Le praticien doit donc faire appel à d’autres techniques d’examens, complémentaires et/ou plus sensibles, tels que l’imagerie médicale. L’échographie abdominale, examen rapide, non-invasif, dépourvu d’effets secondaires (contrairement à l’urographie intraveineuse par exemple) et spécifique, peut jouer un rôle primordial [7, 10]. Elle peut même remplacer la radiographie et être utilisée en première intention. Elle permet alors non seulement de confirmer la présence d’une masse, mais aussi d’apporter des précisions sur son origine, voire sur sa nature.

4. Traitement de l’hydronéphrose unilatérale

De manière générale, il convient de respecter trois étapes lors du traitement [5] :

- la prise en charge des conséquences de l’obstruction urinaire (rarement présentes lors d’hydronéphrose unilatérale) : essentiellement l’hyperkaliémie, l’acidose et l’insuffisance rénale ;

- le traitement palliatif afin de préserver le parenchyme rénal encore fonctionnel et la fonction vésicale : cathétérisme, surveillance de la diurèse, etc. ;

- le traitement causal chirurgical de l’hydronéphrose.

Cette dernière étape découle directement de la cause de l’hydronéphrose.
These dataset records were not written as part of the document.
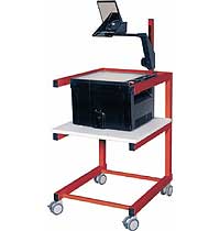 Projektorwagen mit 3 Aktionsebenen und C-Fuß-Gestell. Durch Wechseln der Platte kann der Projektor für Arbeiten im Stehen auf die obere Ebene oder für Arbeiten im Sitzen auf die mittlere Ebene gestellt werden. Vier Rollen (zwei davon feststellbar) gewährleisten einen leichten Transport. Außenmaße(cm): 48B x 75H x 56T
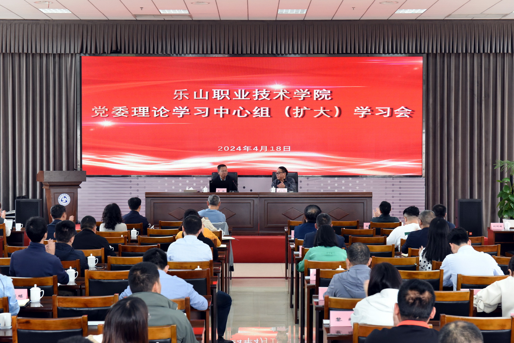 4月18日下午,sunbet申搏官方网站党委理论学习中心组(扩大)学习会在学术交流中心3004会议室举行。乐山移动党委书记、总经理吴超来校作学习贯彻习近平总书记关于网络强国的重要思想辅导报告。校领导、中层干部、教研室主任参加学习。会议由学校党委书记成定彬主持。
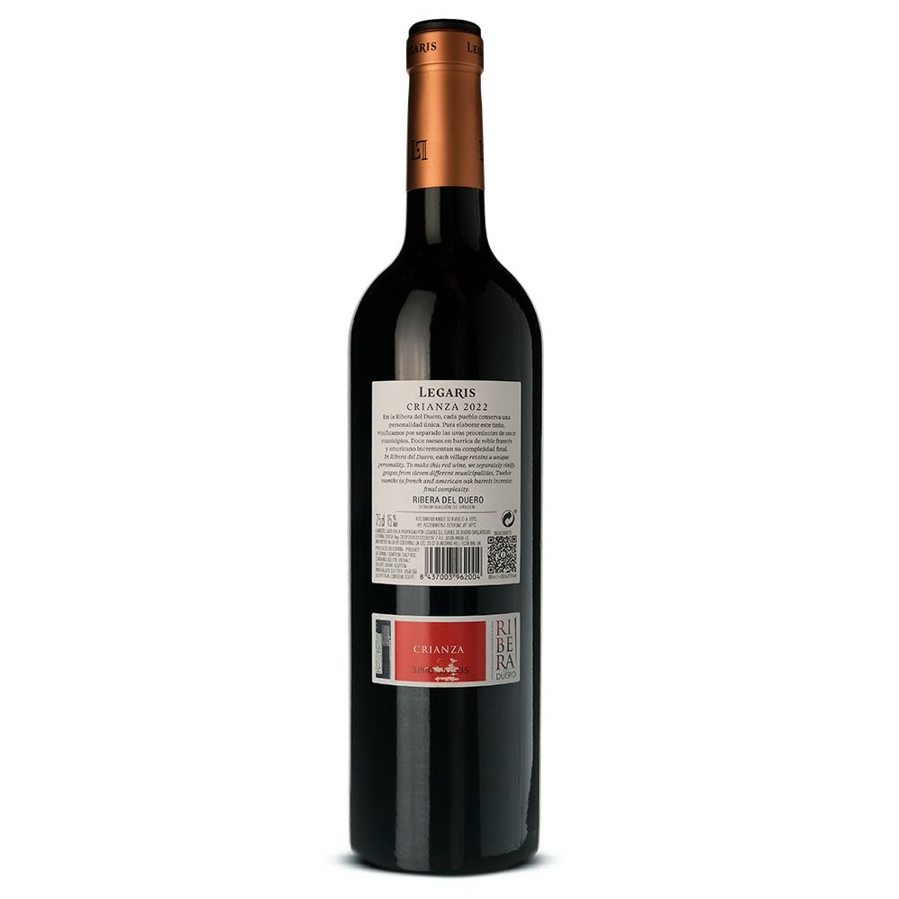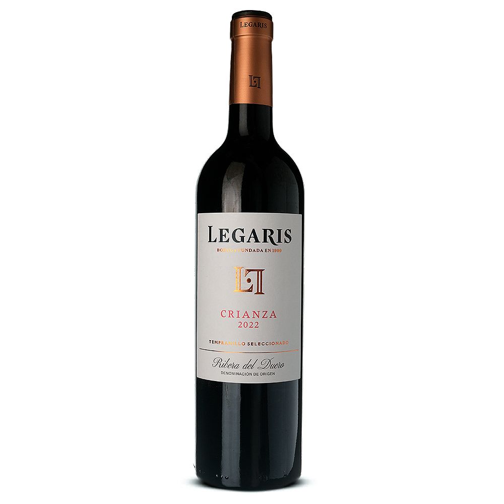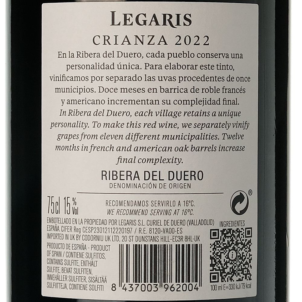 El Legaris Crianza 2022 es un vino tinto seco elaborado con Tempranillo y Cabernet Sauvignon bajo la D.O. Ribera del Duero. Procede de viñedos seleccionados en Valladolid y Burgos, situados entre 750 y 970 metros de altitud, en suelos arcillo-calcáreos que aportan carácter y mineralidad.
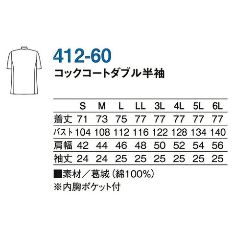 制服 ユニフォーム シェフ KAZEN カゼン 兼用コックコート 半袖 412-60 飲食店 厨房服 調理服 コック服 レストラン フレンチ イタリアン 中華 おしゃれ かわいい 可愛い かっこいい プロ仕様 吸汗 快適 厚手 フード
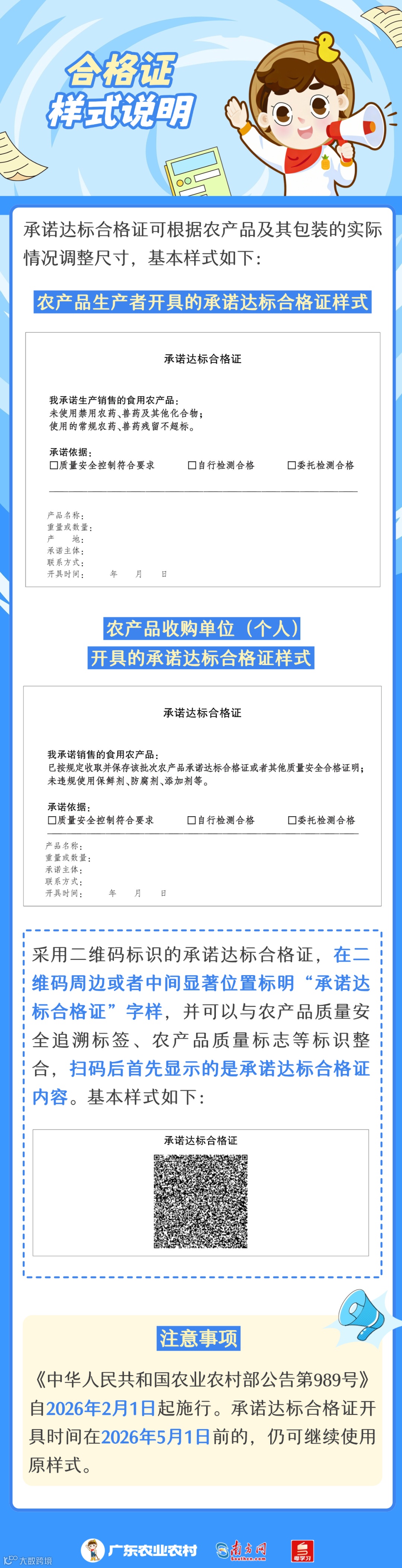 2025年12月2日,农业农村部发布《农产品质量安全承诺达标合格证管理办法》(农业农村部令2025年第4号),该办法将于2026年2月1日起施行。近日,农业农村部同步公告了承诺达标合格证的具体样式,标志着农产品质量安全监管再升级。
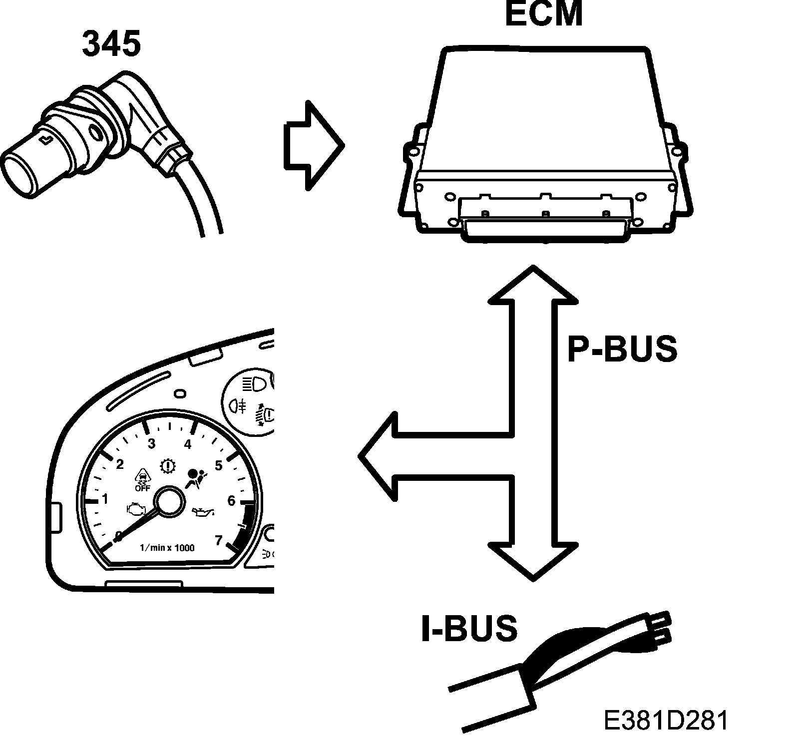 The main instrument is fitted with an electronic tachometer. The engine control module continuously sends information on the engine speed to the bus.
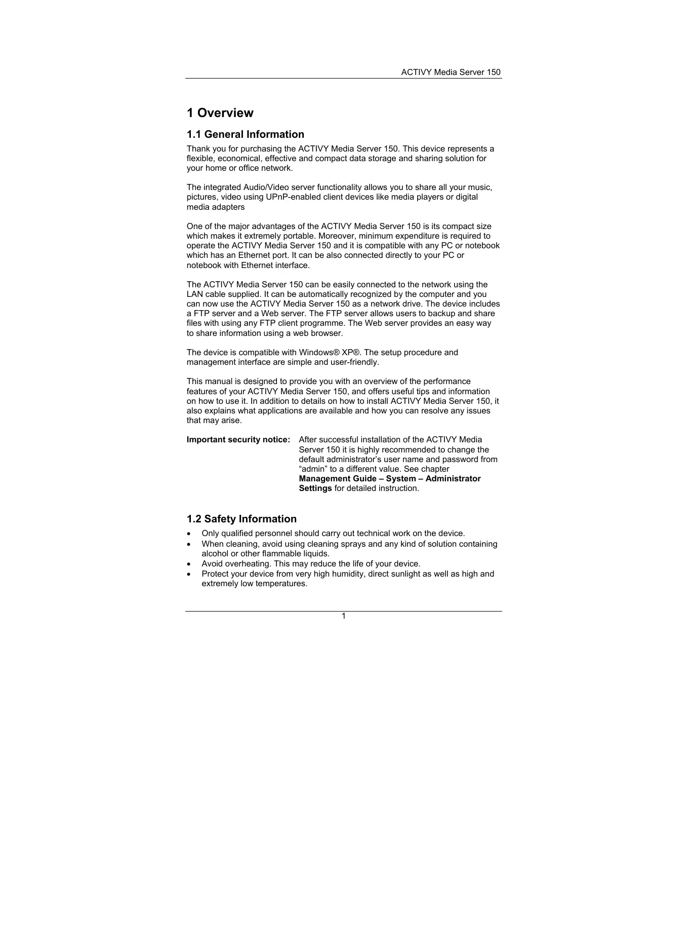 Thank you for purchasing the ACTIVY Media Server 150. This device represents a flexible, economical, effective and compact data storage and sharing solution for your home or office network. The integrated Audio/Video server functionality allows you to share all your music, pictures, video using UPnP-enabled client devices like media players or digital media adapters One of the major advantages of the ACTIVY Media Server 150 is its compact size which makes it extremely portable. Moreover, minimum expenditure is required to operate the ACTIVY Media Server 150 and it is compatible with any PC or notebook which has an Ethernet port. It can be also connected directly to your PC or notebook with Ethernet interface. The ACTIVY Media Server 150 can be easily connected to the network using the LAN cable supplied. It can be automatically recognized by the computer and you can now use the ACTIVY Media Server 150 as a network drive. The device includes a FTP server and a Web server. The FTP server allows users to backup and share files with using any FTP client programme. The Web server provides an easy way to share information using a web browser. The device is compatible with Windows® XP®. The setup procedure and management interface are simple and user-friendly. This manual is designed to provide you with an overview of the performance features of your ACTIVY Media Server 150, and offers useful tips and information on how to use it. In addition to details on how to install ACTIVY Media Server 150, it also explains what applications are available and how you can resolve any issues that may arise. Important security notice: After successful installation of the ACTIVY Media Server 150 it is highly recommended to change the default administrator’s user name and password from “admin” to a different value. See chapter Management Guide – System – Administrator Settings for detailed instruction.

Le rein atteint, s’il est potentiellement fonctionnel, est autant que possible préservé. Ceci implique deux conditions :

- qu’une correction chirurgicale soit réalisable ;

- que le rein soit potentiellement fonctionnel : plus l’intervention chirurgicale est réalisée précocement, plus les conséquences rénales sont faibles. En effet, lors d’obstruction urétérale complète avec un rein controlatéral normal, il a été observé que la récupération du taux de filtration glomérulaire du rein atteint est de 100 % lors d’une obstruction d’une semaine, de 70 % à deux semaines, de 30 % à quatre semaines et nulle au-delà de six semaines [5].

Dans la plupart des cas d’hydronéphrose unilatérale, l’évolution progressive exclut généralement la possibilité d’un diagnostic précoce, donc d’une intervention précoce. Dans ce cas, ou lorsqu’une chirurgie conservatrice ne peut être envisagée (néoplasie, etc.), une néphrectomie doit alors être réalisée.

L’hydronéphrose est une atteinte congénitale ou acquise du système collecteur d’un ou des reins(s). Dans les deux cas, l’accent doit être mis sur la précocité du diagnostic et du traitement afin de préserver le parenchyme rénal encore fonctionnel. Malheureusement, l’évolution insidieuse de l’hydronéphrose unilatérale proscrit dans la majorité des cas un sauvetage du rein atteint et oriente le praticien vers la néphrectomie. Le pronostic reste malgré tout favorable, même si un suivi assidu de la fonction rénale est alors fortement conseillé [11].

  • (1) Médicament à usage humain.

Remerciements aux Pr. Frédérique Ponce et Thierry Marchal.

Protocole anesthésique

Le protocole anesthésique comporte :

- une prémédication avec une association de morphine(1) (0,2 mg/kg) et de midazolam (1) (Hypnovel®, 0,4 mg/kg) ;

- une induction au propofol (Rapinovet®, 4 mg/kg) ;

- un entretien par anesthésie gazeuse (isoflurane).

Un suivi de l’électrocardiogramme, de l’oxymétrie, de la capnographie et de la pression artérielle systolique est réalisé : aucune anomalie n’est observée.

Une fluidothérapie est initiée, lors de l’intervention chirurgicale, à l’aide de lactate deRingerà un débit de 10 ml/kg/heure.

Points forts

Les hydronéphroses unilatérales évoluent fréquemment de manière progressive, à bas bruit, avec comme seuls symptômes une distension et une douleur abdominales.

La fonction urinaire est généralement conservée (biochimie rénale et analyse urinaire normales) et l’établissement du diagnostic nécessite, dans la majorité des cas, une échographie abdominale.

Le traitement consiste en une néphrectomie, après vérification de l’aspect du rein controlatéral.

Le pronostic varie selon l’origine de l’hydronéphrose. Dans tous les cas, un suivi régulier de la fonction rénale est conseillé.